In RPM, below the form and bars, a table of solutions and a parallel coordinate plot enable selecting a solution (). In NIMBUS, a similar table and a parallel coordinate plot are used to select a solution from previously computed ones; to select two solutions between which intermediate solutions are computed; to select previously computed solutions to be saved in an archive; and to select a preferred solution for classification or as the final solution. The table and the parallel coordinate plot are also linked.

Both UIs have a large blue button “Iterate” but the text changes depending on the context. For instance, in NIMBUS, the text is “Save” when solutions have been selected, and “Continue” when no solutions have been selected. The help text above the button is similarly dynamic, reflecting the current situation. If a method cannot continue, the blue button is disabled, and the help text provides a reason.

5.2. Participants and procedure

We recruited students and researchers as participants (N = 16). Half had a master’s, five a bachelor’s, and three a doctoral degree. One week before the experiment, we presented the sustainability problem and the interactive methods applied (see the Supplementary MaterialFootnote³). We also gave a 1-page summary of the problem to recall its details during the experiment.

A pilot study was conducted with the co-authors (one as an experimenter, one as an observer, two as participants) before the actual experiment to check the procedure and online environment (Zoom). The approximated length of the experiment was also then estimated. The experimenter first presented the informed consent and described the study. UIs were then demonstrated. All this took approximately 20 min.

Next, the experimenter shared the Web address of the system introduced in Section 5.1 and credentials of the participants to log in. The experimenter and participants communicated via private chat. The same message templates were used to provide the necessary information without individual discussions. The method order was assigned at random: a half applied NIMBUS first, while the other half applied RPM. Each participant was given the name of the first method and the Web address of the related questionnaire. The participants were asked to solve the problem, send the objective values of their final solution, and fill out the first questionnaire. They were then asked to use “raise hand” button in Zoom, to get details of the second method.

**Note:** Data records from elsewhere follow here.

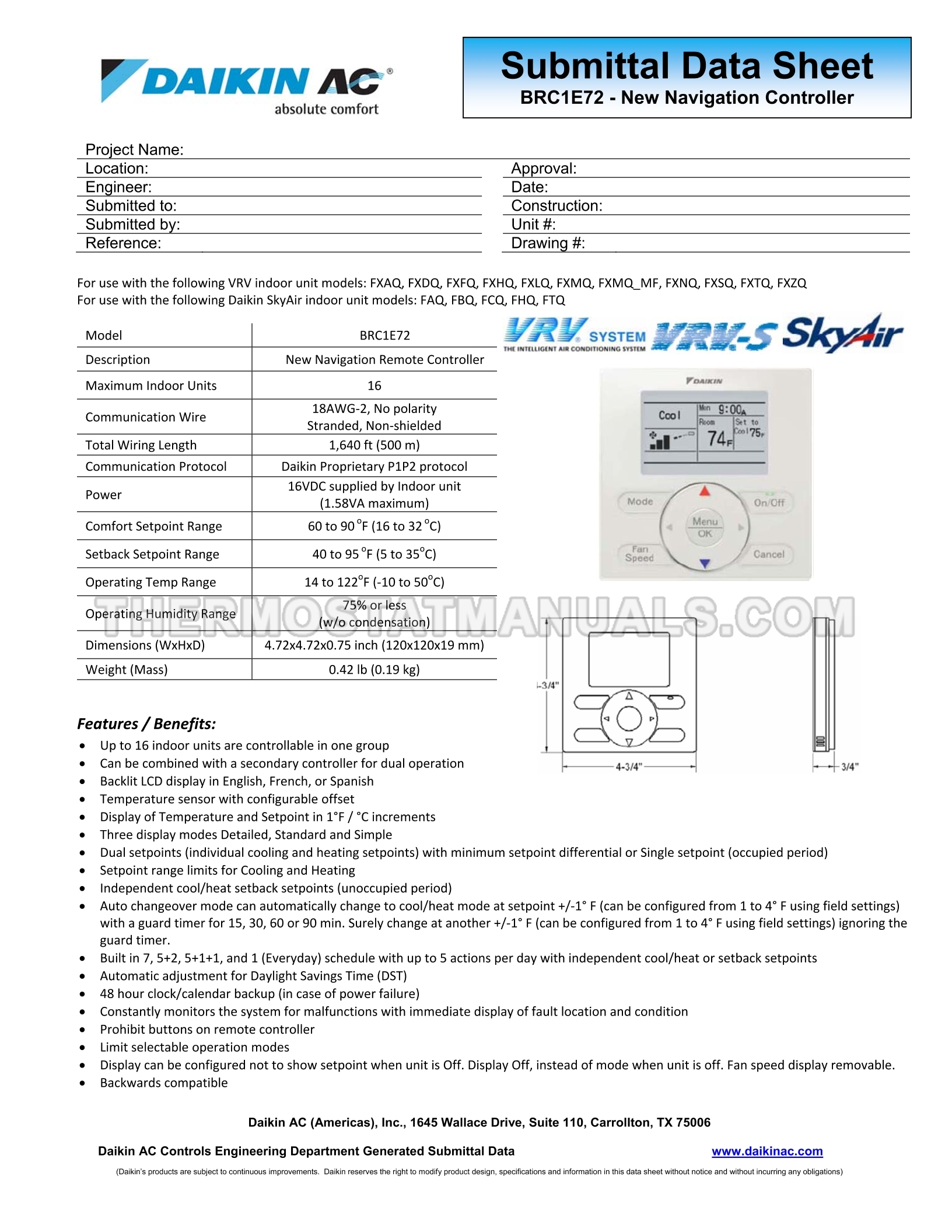 Controlling the climate in your home is not an easy task and the Daikin BRC1E72 Navigation thermostat will do just that. To ensure proper operation of the wired navigation VRV, VRV-S and SkyAir remote controller with a backlit, customizable display and the ability to control multiple indoor units thermostat, study data sheet, presented in a convenient graphical format that contains 2 pages with useful information.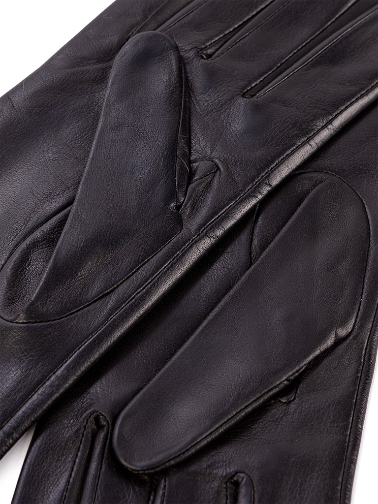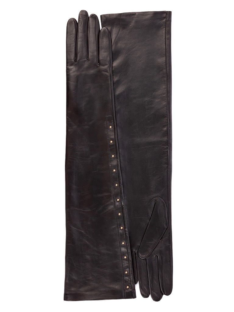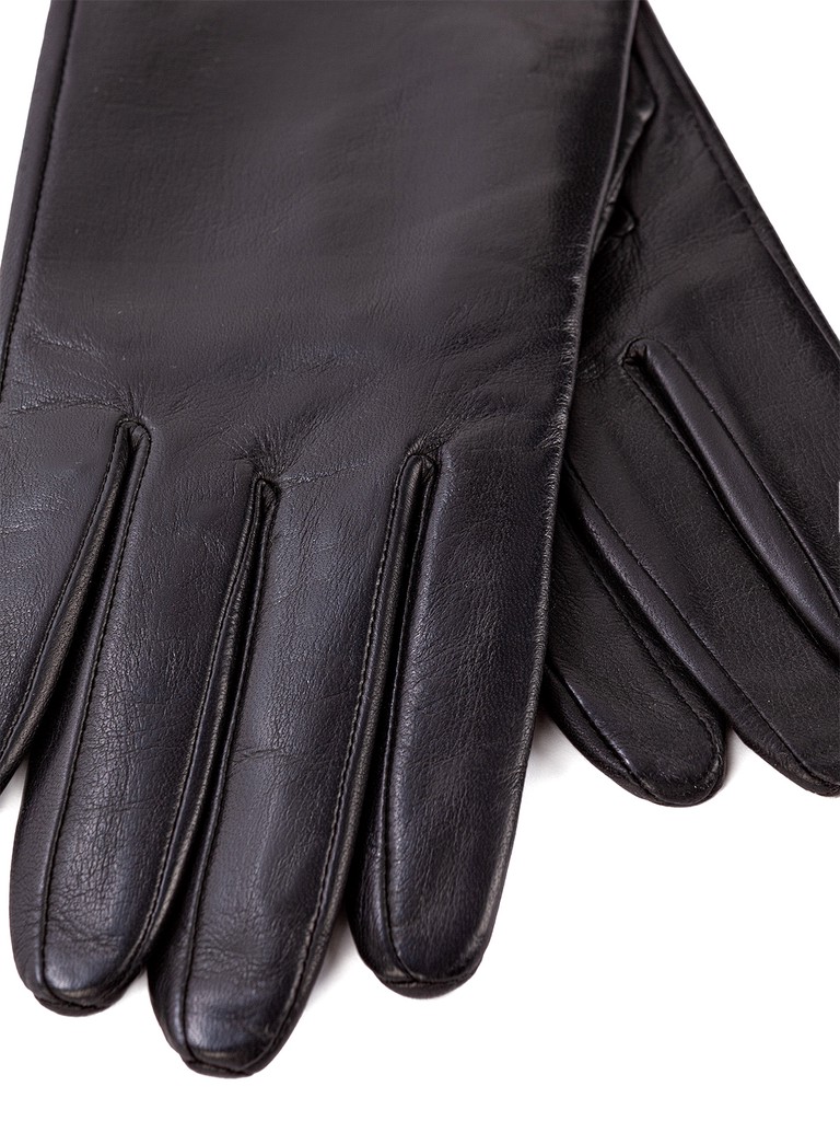 Перчатки торговой марки ELEGANZZA производства Филиппины. Изготовлены из натуральной кожи ягнёнка. Подкладка - натуральный шелк. Отделка - дополнительная тонкая полоска по всей длине перчатки по линии мизинца, украшенная миниматюрными хольнитенами. Длина манжеты от нижней точки большого пальца до края перчаток составляет - 35 см. Длина пальцев - средняя.
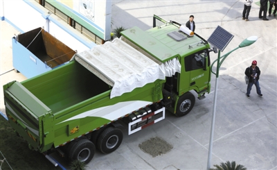 新标准全封闭渣土车首次亮相。昨日,市住建委、市环保局、市市政市容委联合启动全市工地扬尘治理专项行动。从7月1日起,北京所有工地都要使用新标准的渣土运输车,车辆要安装北斗定位系统,随时可以监控运输线路和倾倒地点。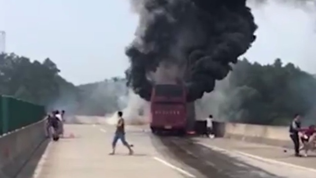 Инцидент произошел сегодня утром в китайской провинции Хунань. В уезде Ичжан автобус врезался в ограждение, после удара произошла утечка машинного масла, которое воспламенилось.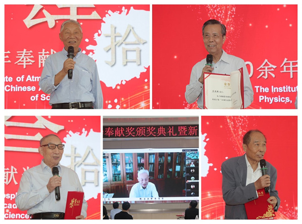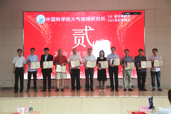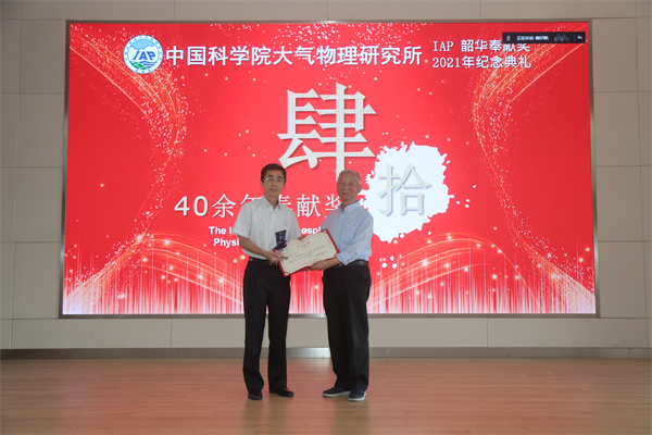 典礼在庄严的国歌声中拉开序幕。陆日宇首先致辞并宣读《中国科学院大气物理研究所关于授予曾庆存等44名研究生导师2021年韶华奉献奖的决定》。陆日宇在致辞中首先代表研究所对获奖教师表示祝贺和感谢!他表示十年是每个人职业生涯的里程碑,研究生导师既是研究所发展的见证者、贡献者;又是学科发展的开拓者、推动者;更是研究生的引路者、奉献者。为了感谢每位导师的持续奉献,自2021年起设立导师韶华奉献奖,为满“十”倍数年及三十年以上和当年退体的研究生导师颁发纪念奖。他希望全所导师不忘初心和使命,永葆育人情怀和奋进精神,为我国大气科学事业的发展、为研究所的发展贡献自己的力量。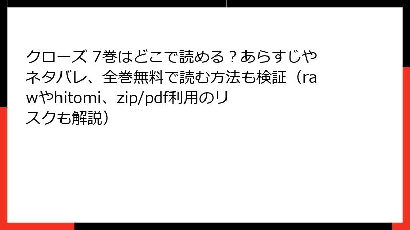 高橋ヒロシの人気漫画『クローズ』7巻を、raw、hitomi、zip、pdf、漫画バンクなどの海賊版サイトで読むことは、一見手軽に思えるかもしれません。しかし、これにはさまざまなリスクが伴います。この記事では、法的、セキュリティ、プライバシー、品質、倫理的な観点から詳しく解説します。海賊版の利用は、作者や業界に悪影響を及ぼすだけでなく、自分自身にも深刻な問題を引き起こす可能性があります。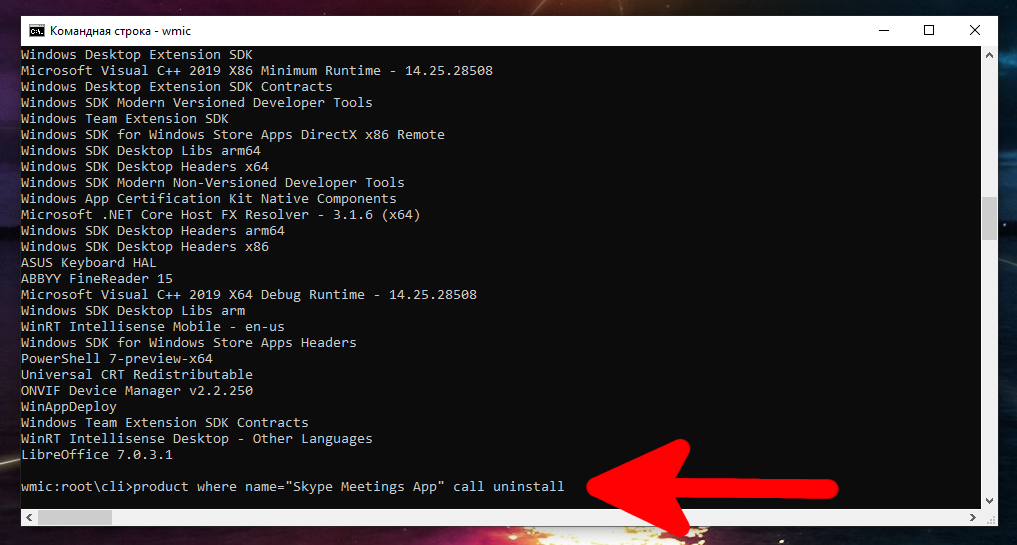 Просто замените название программы названием программы, которую вы хотите установить. Например, если мы хотим удалить приложение Skype Meetings, мы должны ввести эту команду: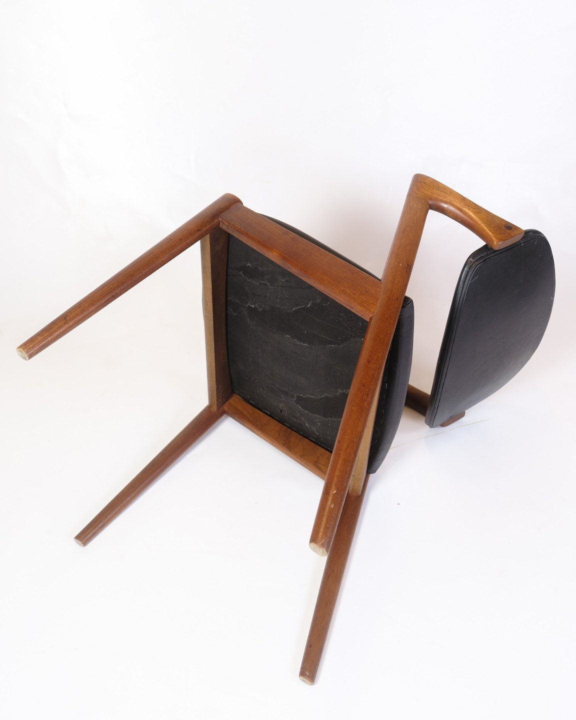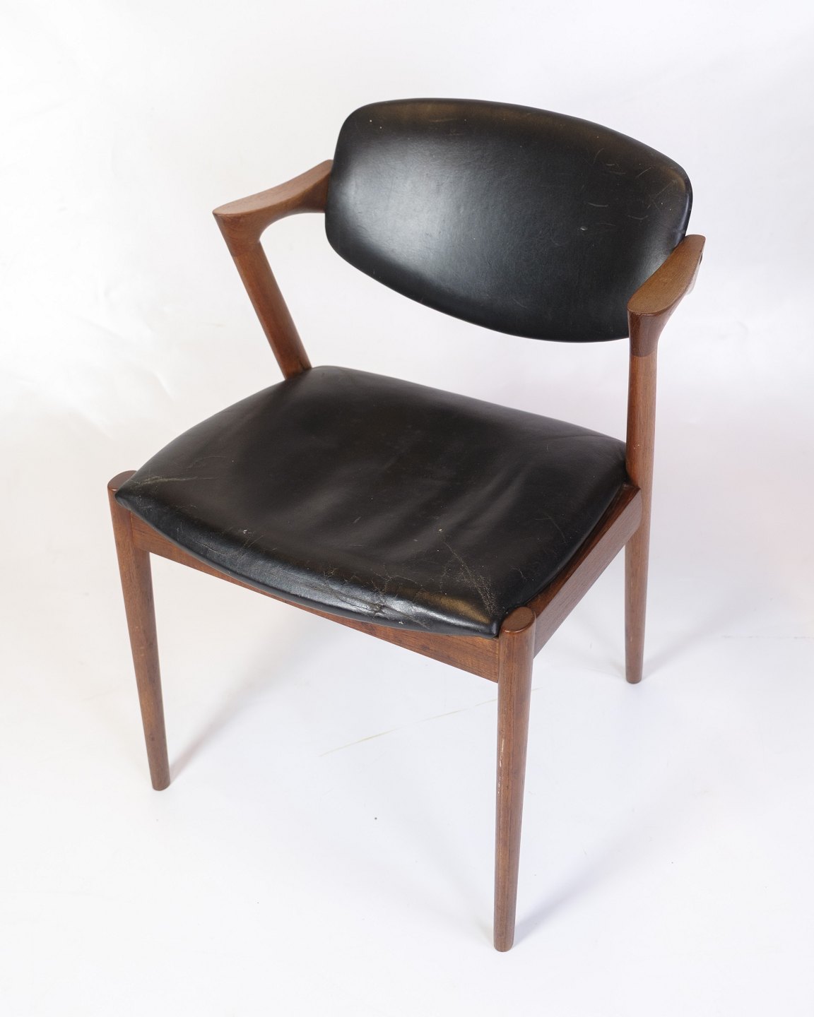 Model 42 is a dining chair designed by Kai Kristiansen and manufactured by Schou Andersen in the 1960s. The chair is made of solid teak with black aniline leather and has a characteristic tilting back that combines comfort with a sharp, light design. A beautiful example of Danish furniture art, where functionality and aesthetics go hand in hand.

The participants followed the same procedure for the second method. Finally, the experimenter provided the Web address of the concluding questionnaire. All participants completed it, i.e. they completed the experimental study. depicts the experiment procedure, which lasted approximately 60 min.

Figure 3. Procedure of the experiment.

5.3. Analysis and results

Next, we analyze quantitatively and qualitatively the participants’ responses to the items of Section 4. Our questionnaires used WebropolFootnote⁴. Participants used radio buttons for the Likert scale and semantic differential answers, and typed responses to open-ended questions in the text fields provided.

We applied Webropol’s internal statistical tools for average scores and standard deviations of the responses in the Likert scale and semantic differential and the Wilcoxon signed-rank test. The significance level was 0.05 for the p-values. Differences were statistically insignificant. Therefore, we do not report the p-values.

Textual data of the open-ended questions were analyzed with qualitative content analysis. A data-driven approach to qualitative content analysis (Weber, Citation1990) was conducted to identify semantic units and, through iterative analysis, create categories. The goal was to understand the reasons behind participants’ differences in the methods utilised.

Analyzing textual data with qualitative content analysis includes an in-depth reading of textual descriptions and numerous iterations to create content categories representing the data. Although qualitative content analysis can be laborious, it is beneficial when descriptions of participants’ experiences are needed. Textual data was important in understanding the reasons behind numerical Likert scale ratings and in concluding comparative items for a detailed understanding of why methods were preferred differently for different purposes and how participants acted as DMs. Next, we provide quantitative and qualitative findings answering research questions introduced in Section 4.1.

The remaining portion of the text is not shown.